Gendrel D, Raymond J, Moulin F, Iniguez J L, Ravilly S, Habib F, Lebon P, Kalifa G
Hôpital Saint Vincent de Paul, Paris, France.
Eur J Clin Microbiol Infect Dis. 1997 May;16(5):388-91. doi: 10.1007/BF01726370.
The aim of this study was to determine the etiologic agents associated with community-acquired pneumonia in 104 French children ages 18 months to 13 years. Potential respiratory pathogens were identified in 87 (85%) cases; these included respiratory syncytial virus in ten, other viruses in 20, Streptococcus pneumoniae in 14 and Mycoplasma pneumoniae (diagnosed by serologic procedures) in 43. Of 32 patients with Mycoplasma pneumoniae infection who were initially treated with beta-lactam antibiotics, 30 failed treatment.
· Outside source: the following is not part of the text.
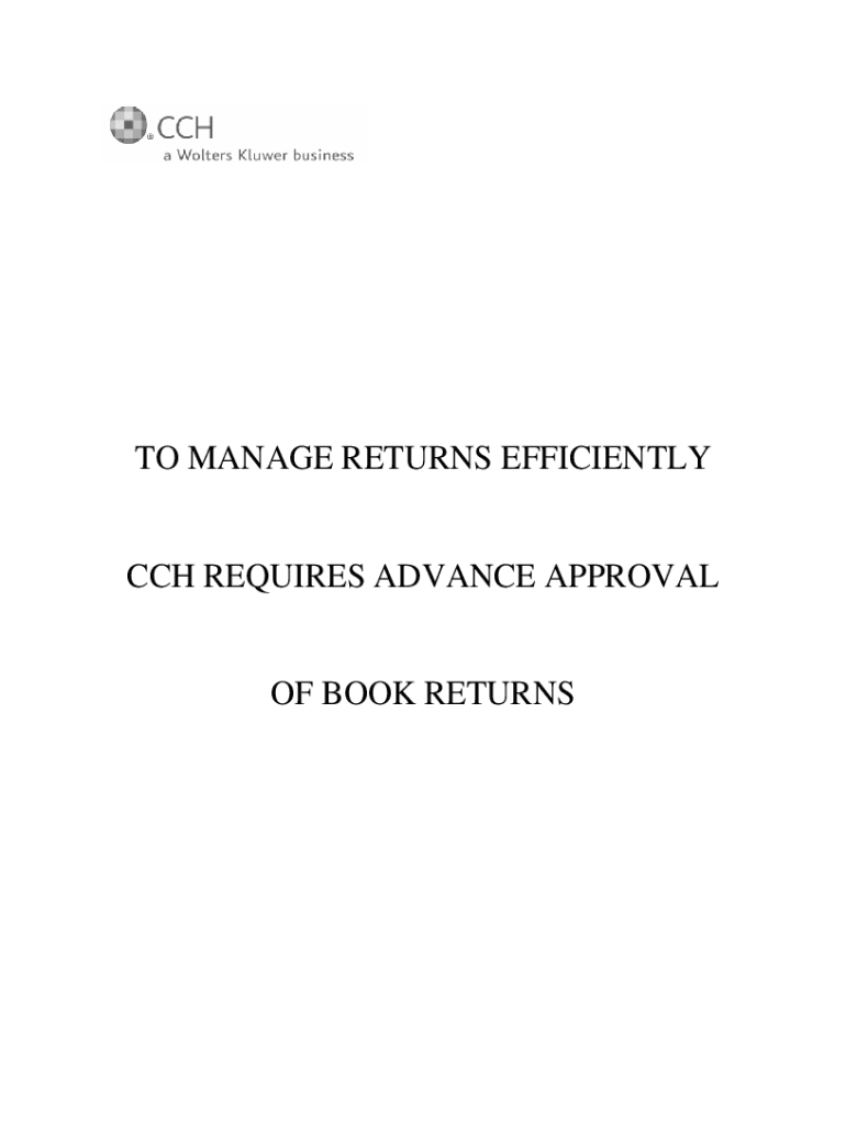 The CCH Book Return Permission Request Form is a crucial document for college bookstores seeking to return textbooks to CCH/Aspen. This form serves to authorize the return process, ensuring that all necessary details are communicated effectively between the bookstore and CCH. With the usage of the CCH book return form, bookstores can streamline the process of textbook return authorization.

Recovery from mycoplasma infection occurred rapidly in patients treated with macrolide antibiotics (which included spiramycin in 31 patients, josamycin in 7, and erythromycin in 3); however, cough persisted in 12 patients for one month. The high frequency of Mycoplasma pneumoniae in children over 18 months of age must be considered when selecting an antibiotic for initial therapy.
本研究旨在确定104名年龄在18个月至13岁的法国儿童社区获得性肺炎的病原体。在87例(85%)病例中鉴定出潜在的呼吸道病原体;其中包括10例呼吸道合胞病毒、20例其他病毒、14例肺炎链球菌和43例肺炎支原体(通过血清学方法诊断)。32例最初接受β-内酰胺类抗生素治疗的肺炎支原体感染患者中,30例治疗失败。接受大环内酯类抗生素治疗的患者支原体感染恢复迅速(其中31例患者使用螺旋霉素、7例使用交沙霉素、3例使用红霉素);然而,12例患者咳嗽持续了1个月。在选择初始治疗抗生素时,必须考虑18个月以上儿童肺炎支原体感染的高发生率。